App aims to curb distracted driving by tracking your phone

Text and drive and your insurance rate could soon rise.  A new app could soon reward or punish drivers depending on their phone use behind the wheel.

Developers Arity, a tech company under the Allstate insurance brand, just launched the new software and is courting insurance providers to take it on.

The app would be voluntary and go on users smartphones. Using the phones internal mechanisms the app tracks everything from use to movement of the phone once it is traveling at the speed of a moving vehicle.

In other words: you text and drive and the app logs it, you talk on the phone and drive and the app logs it, if you even pick up the phone while driving the app will know it.

Arity VP of Data Science Grady Irey said the aim is to better assess the risk of users by understanding how they use their phone on the roads.

There’s no shortage of efforts right now to curb those habits.

At the University of Central Florida’s Institute for Simulation and Training researchers have continually examined the topic of distracted driving with phones.

Researcher Lauren Reinerman-Jones said through their simulators and technology they continue to find the same thing as many other safety experts: phones and driving are only becoming more of a problem.

"If you text on it, talk on it, use your music on your phone: it's more distracting than even a regular MP3 player or talking to somebody else in the vehicle,” she said.

The Florida State Legislature is also currently considering a bill that would make texting while driving a primary offense.

The app aims to give drivers a different incentive: the chance to save money.

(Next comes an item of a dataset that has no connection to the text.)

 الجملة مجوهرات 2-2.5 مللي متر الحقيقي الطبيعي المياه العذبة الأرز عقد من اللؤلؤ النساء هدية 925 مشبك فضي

If the app does get picked up by insurance providers, users will have to overcome one other detail: the loss of that phone privacy. 

Irey reminds though that use of the program would be completely voluntary.

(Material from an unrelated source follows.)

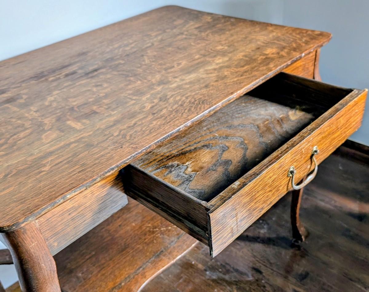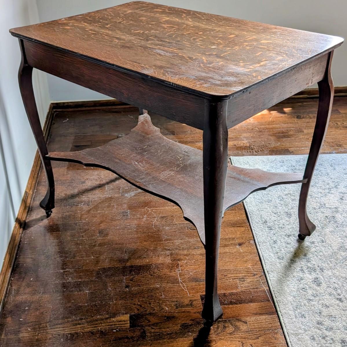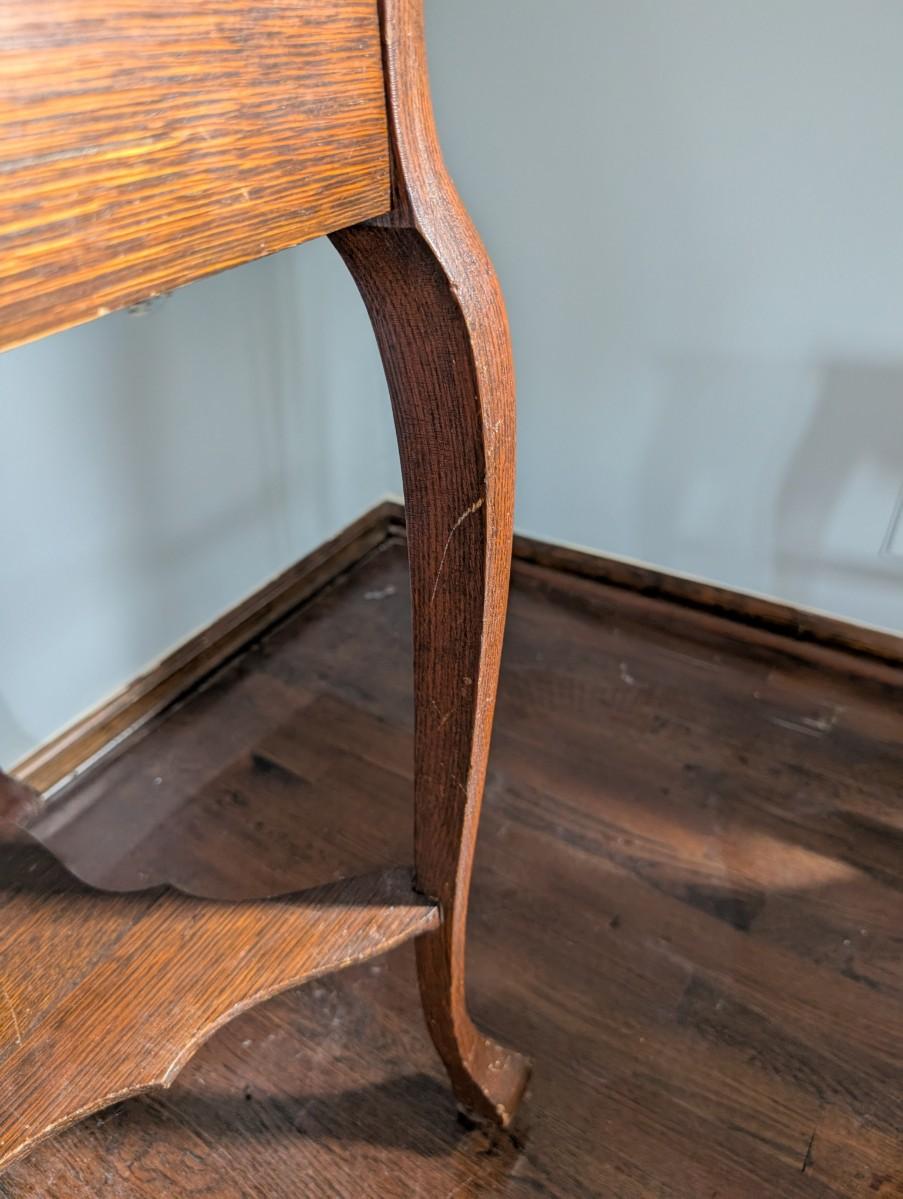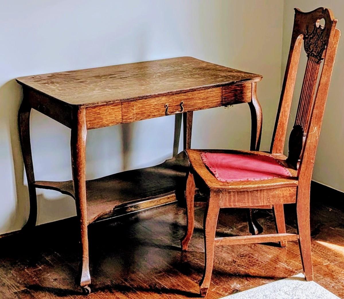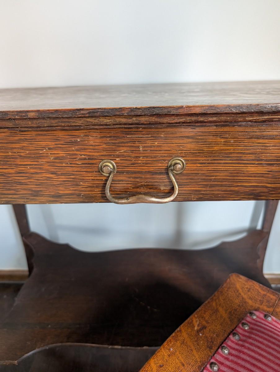 LOT 3Y: Antique/Vintage Tiger Wood Library Desk & Hand Carved Spindle Back Upholstered Chair

"I think the fact these programs are optional, voluntary programs is part of what makes them work,” he said. "There's a lot of people that would raise their hands and say, 'let me prove that I'm not the one using my phone while driving.”

As for GPS use, users are advised to set any routes before the car starts moving and use a cradle or phone holder to prevent signs of active use. Users can also simply put their phone into airplane mode while driving to eliminate the destruction all together.